Assim, se a defesa do usuário é uma função pública e se a defesa do consumidor é um direito fundamental (art. 5º, XXXII, da CF), então incumbe às agências reguladoras, como entes estatais com poder de normatização, controle e fiscalização dos serviços, o dever de exercer essa proteção. Ainda que existam órgãos de defesa do consumidor e de usuários criados para esse fim específico, não se pode afastar o papel de proteção e defesa dos usuários e consumidores que as agências reguladoras devem desempenhar justamente em razão dos deveres constitucionais e legais que lhe são conferidos.
Se é certo que a eficiência da atividade regulatória depende do modelo de ente regulador implantando ou adotado pelo Estado, esse modelo não pode ignorar as conclusões extraídas do estudo de Stigler, de modo que o contorno institucional a ser desenhado para as agências reguladoras não pode desconsiderar as falhas apontadas pela Teoria da Captura.

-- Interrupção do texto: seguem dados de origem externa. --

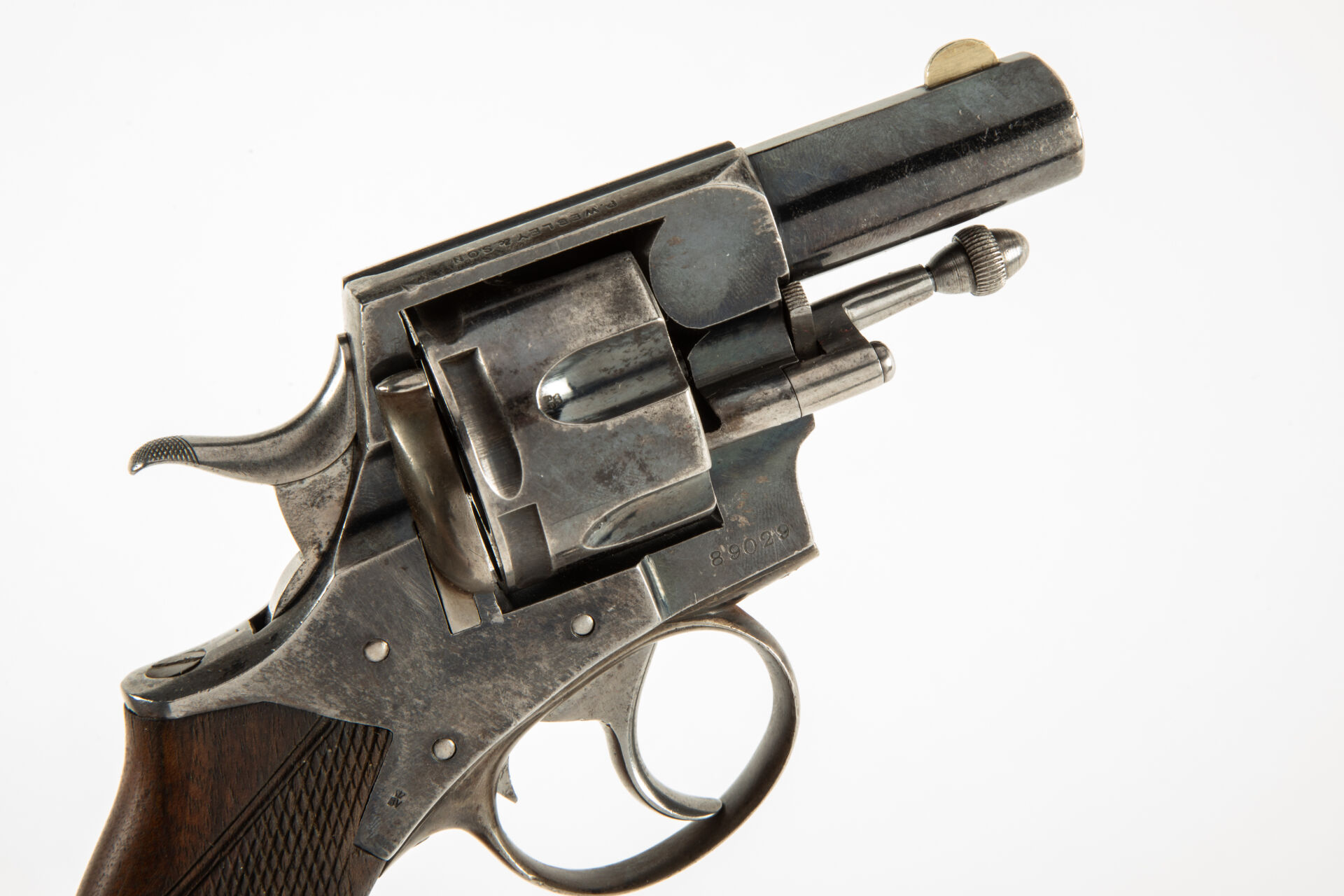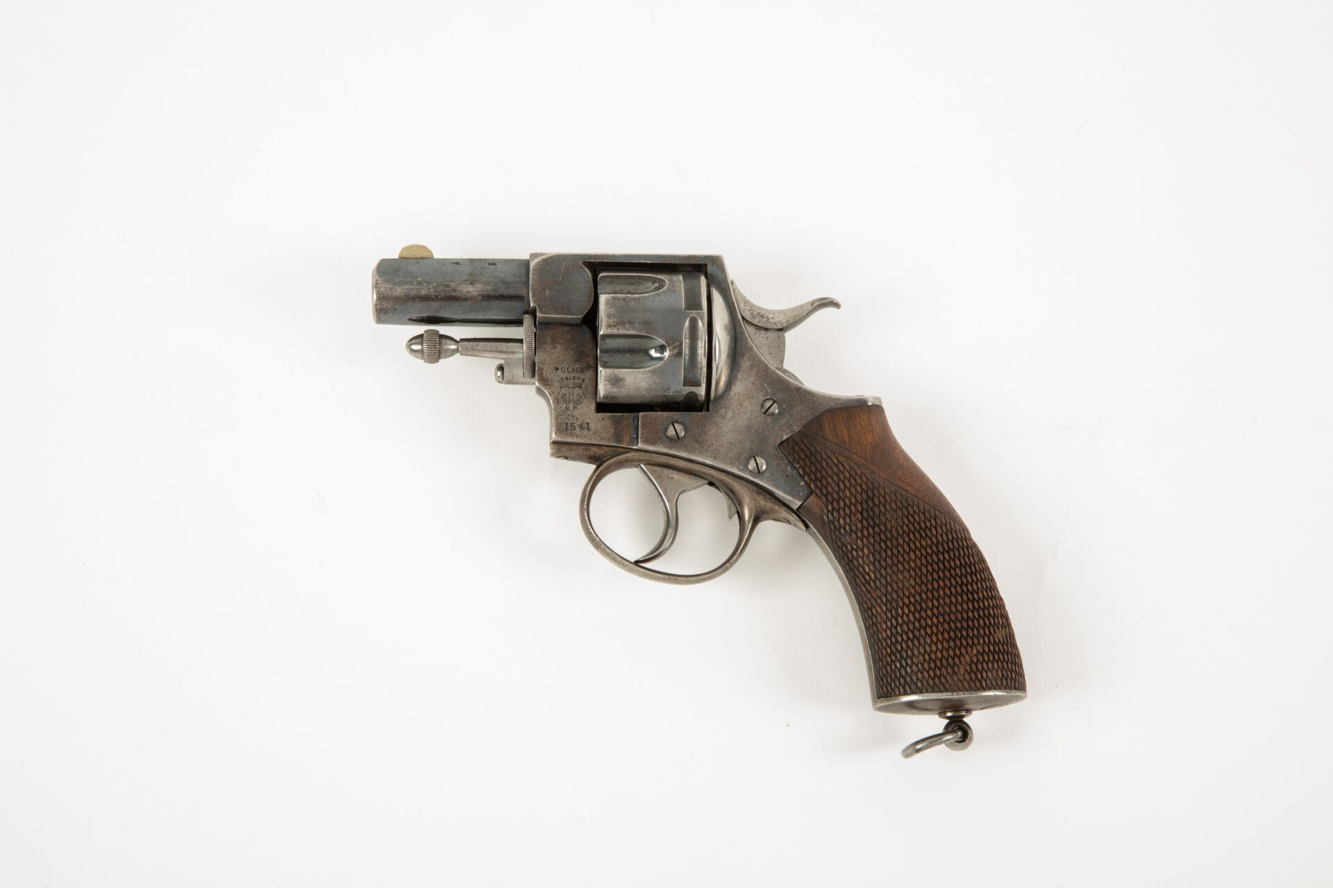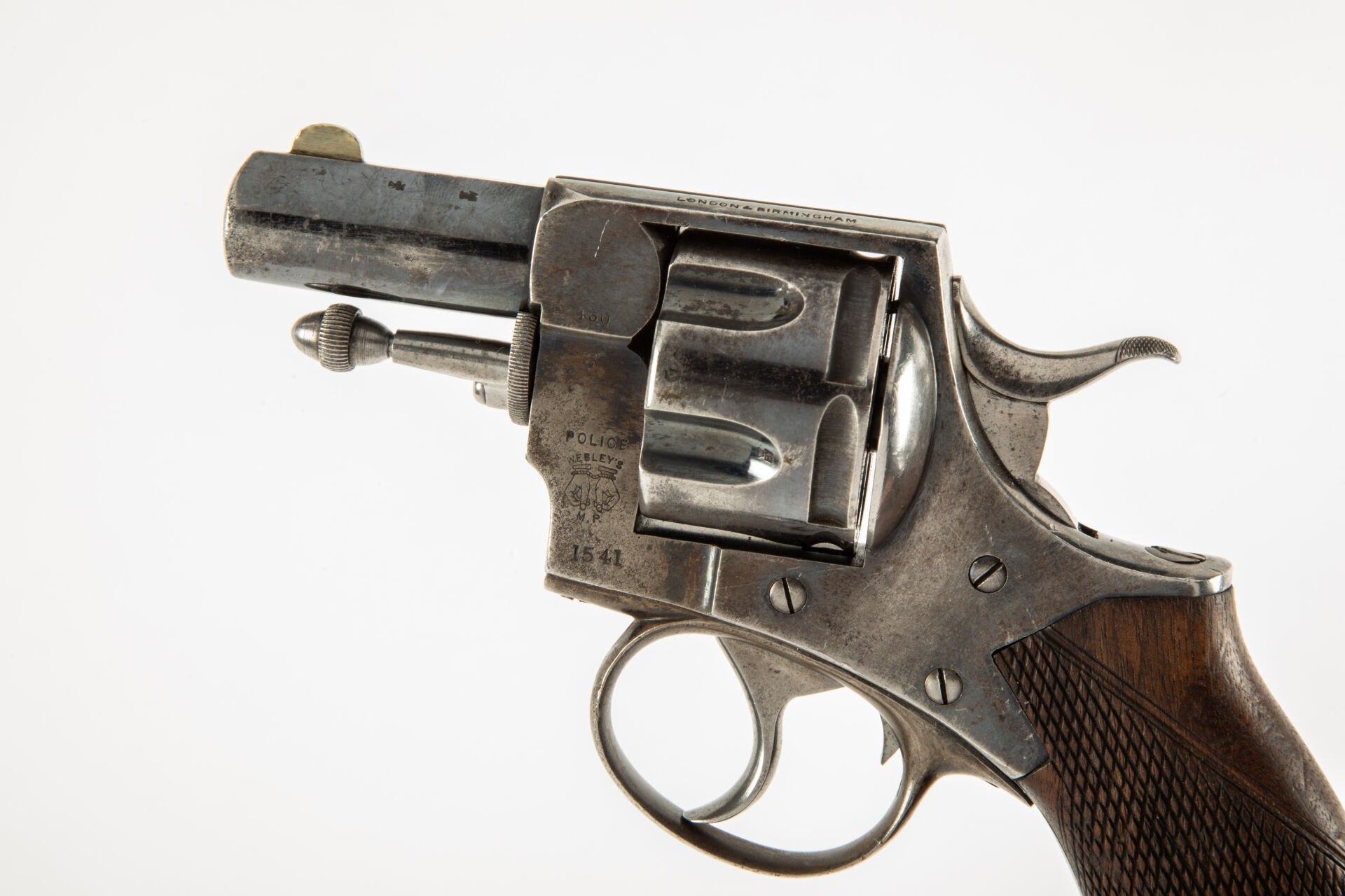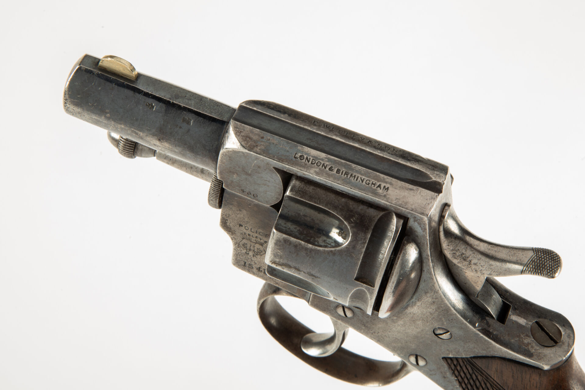 Grand révolver à cadre fermé P. Webley & Son London, Birmingham, en calibre 450 CF, canon court (2 pouces), guidon maillechort. Ce révolver est un révolver de Police comme en atteste de marquage sur le flanc gauche de la carcasse « Police Webley’s MR » ce texte surmontant deux mains menottées. Barillet cannelé, simple et double action, excellent canon pour le tir, mécanisme fonctionnel, plaquette enveloppante unique en noyer partiellement quadrillé, quelques piqures sans trop de gravité.
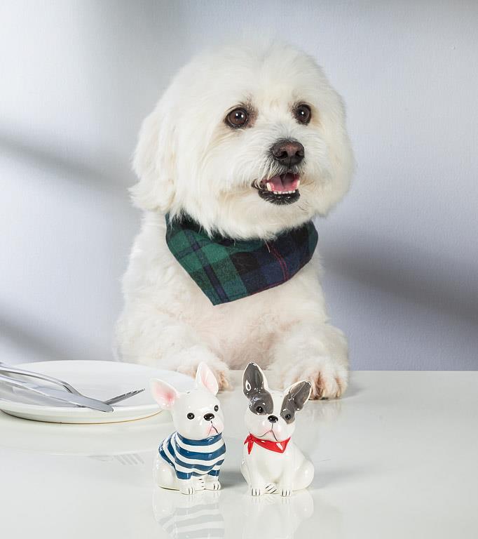 This Frenchie pair is here to spice things up. With sculpted faces and contrasting grey and white finishes, these ceramic shakers bring personality to the table.
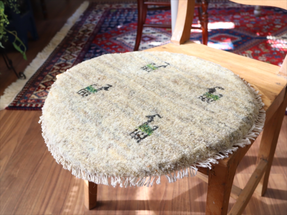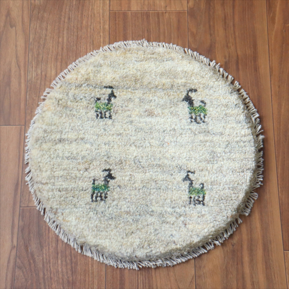 【15%OFF】ギャッベ 円形座布団サイズ φ41cm ナチュラルアイボリー ベージュ
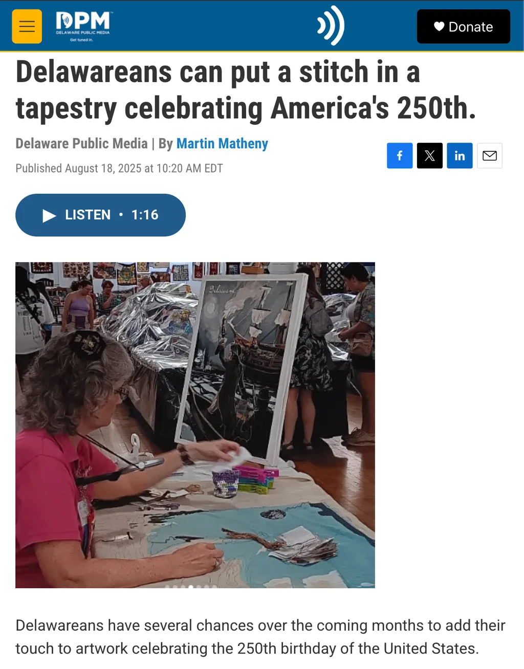 13 states in 15 days! A marathon road trip showcasing stunning embroidery and the dedicated volunteers bringing America's Tapestry to life.
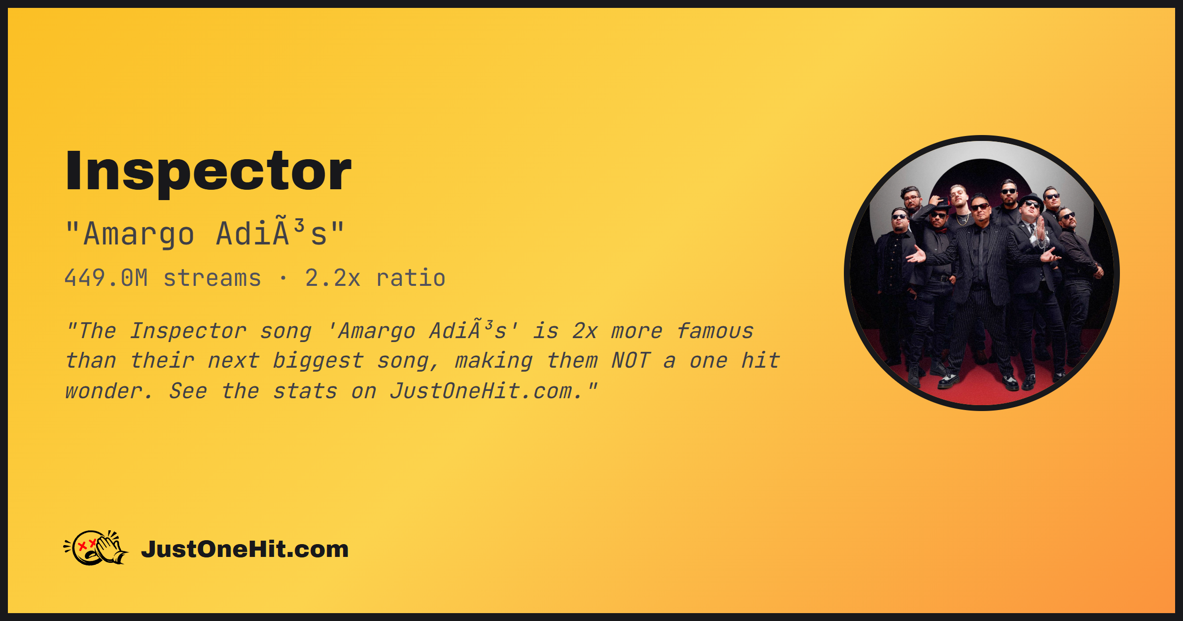 "The Inspector song 'Amargo Adiós' is 2x more famous than their next biggest song, making them NOT a one hit wonder. See the stats on JustOneHit.com."
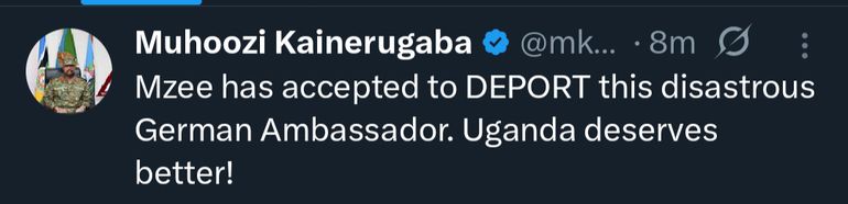 The CDF, who has been advocating for his deportation following the ambassador's unsavoury comments about him, posted on X: "Mzee has accepted to DEPORT this disastrous German Ambassador. Uganda deserves better!"
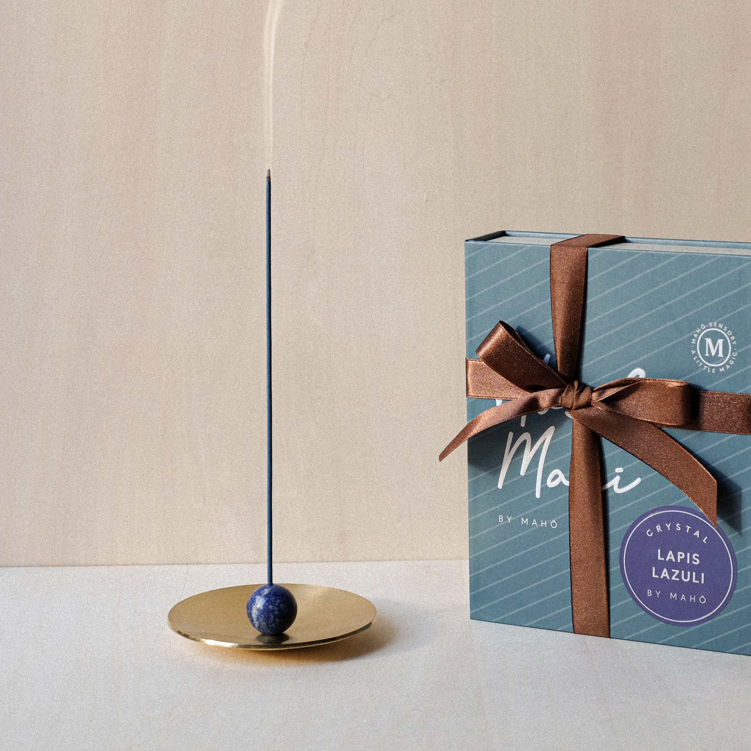 ハンドメイドのブラスディッシュと厳選された半貴石がペアになったインセンスホルダー。ミニマルなデザインと、ブラス×クリスタルのエレガントな組み合わせは、心と身体を癒し浄化してくれるようなスモークエナジーを作ります。ブラスディッシュの上に灰が落ちるようにデザインされており、MAHŌ Sensory Sticksにフィットし、あなたをまだ見ぬ世界へといざないます。
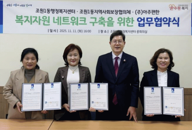 [NWS¹æ¼Û=Çѽ¸ñ ±âÀÚ]¼ö¿ø½Ã Àå¾È±¸ Á¶¿ø1µ¿ Áö¿ª»çȸº¸ÀåÇùÀÇü´Â Áö³­ 11ÀÏ, °ü³» ¢ß¾ÆÁÖÆíÇѰú ÇÔ²² º¹ÁöÀÚ¿ø ³×Æ®¿öÅ© ±¸ÃàÀ» À§ÇÑ ¾÷¹«Çù¾à½ÄÀ» ÃßÁøÇß´Ù. À̹ø Çù¾àÀ» ÅëÇØ Á¶¿ø1µ¿ ÇàÁ¤º¹Áö¼¾ÅÍ ¹× Áö¿ª»çȸº¸ÀåÇùÀÇü´Â °ü³» Ã롦
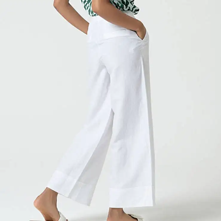 Pantalón ancho elaborado en viscosa y lino. Corte recto. Bolsillos delanteros y cierre frontal con cremallera. Detalle de vuelta en el bajo.
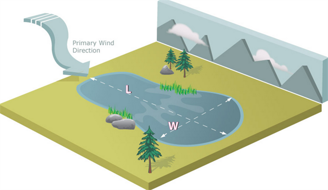 Due to winds picking up speed over open water the primary wind direction of the area can determined due to the shape of the lake. Wind moves water, sediment, and debris from one end of the lake to the other. The smaller end of the lake often times is where the wind starts and the larger end is where the wind carries.
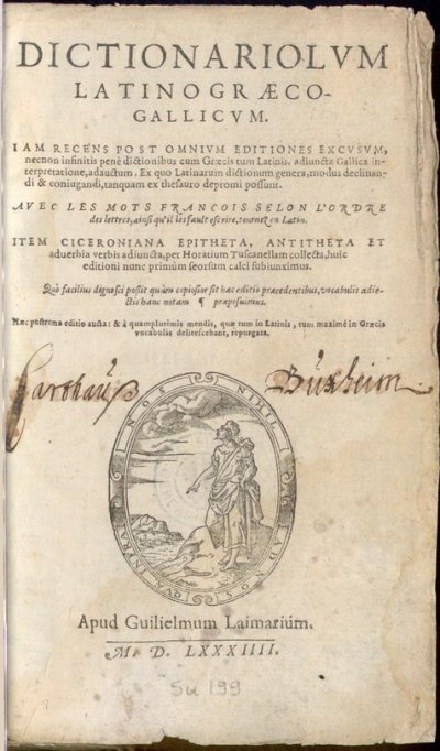 Estienne Robert]● Dictionarium Latinogallicum● [Genève]Lind94 ou [Lyon]Lind94/USTC ou [Paris]BnF : (François Estienne), Sébastien Honorat● 1570● DICTIONARIVM || Latinogallicum. || EX HOC, LATINI SERMONIS CVM GALLICO || idiomate consensum ita percipies, vt maiores vtriusque linguae scriptores || proximè imitari possis. Magnum bonarum literarum studiosis || adiumentum, qui vel dicendo, vel etiam scribendo, eorum || quae iam exciderunt, quaeque hoc tempore proba- || ta sunt, vocabulorum memoriam refi- || cere desiderant. || Accesserunt, praeter alia, Graecae dictiones suis quaeque Latinis, quàm || commodè fieri potuit, respondentes, in usum utriusque || linguae studiosorum. || Editio postrema, quae quantum superioribus praestet, proximè sequens || lectorem docebit Epistola. || [Device] || Apud Sebastianum Honoratum. || M. D. LXX. USTC ● USTC : 57383 . Beaulieux, 1904 : p.385-386 , «Estienne (Robert). ». Lindemann, 1994 : p.573, «[Robert ESTIENNE]».
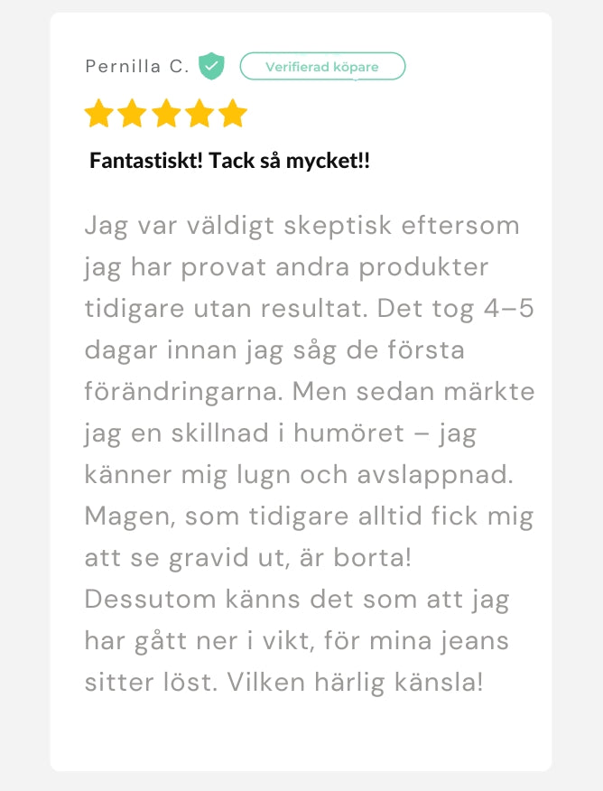 Jag har precis tagit min första burk men har redan märkt en stor skillnad i humör och energi – och jag har gått ner 2 kg!! Ser verkligen fram emot att fortsätta med dessa magiska örter!

Por isso que a modelagem das agências reguladoras deve ser marcada pela transparência, pela participação democrática, para a promoção do equilíbrio entre os interesses em jogo: Poder Público, concessionárias ou empresas privadas e usuário e/ou consumidores. A regulação não pode ser discrepante do interesse público;; a transparência deve proporcionar a divulgação de informações relevantes e necessárias e o desenho das agências propiciar espaço para o controle social das empresas reguladas.
A equidistância deve ceder para que as agências reguladoras se aproximem dos usuários.
E essa aproximação pode ser reforçada com a implementação de formas de participação democrática, propiciando ao cidadão (usuário ou não, consumidor ou não) o exercício pleno da cidadania para que ele também possa ser o protagonista na gestão dos serviços públicos e das atividades econômicas consideradas sensíveis para a qualidade de vida ou para o bem-estar geral.
A democracia se desenvolve “mediante a realização dos direitos fundamentais”274 e a participação democrática do cidadão é o instrumento para a sua concretização, porque se baseia na realidade, nas necessidades e possibilidades da sociedade.
Nesse contexto, a vontade administrativa, no âmbito das agências reguladoras, deve cada vez mais se conciliar à expressão da vontade popular manifestada nos processos democráticos, garantindo-se, assim, a adoção de uma solução mais responsável e legítima para os problemas identificados, o aprimoramento da atividade regulatória e a concretização dos direitos fundamentais.
274 HÄBERLE, Peter. Hermenêutica constitucional - a sociedade aberta dos intérpretes da
Constituição: contribuição para a interpretação pluralista e “procedimental” da Constituição. Tradução de Gilmar Ferreira Mendes. Porto Alegre: Sergio Antonio Fabris Editor, 2002, p. 36.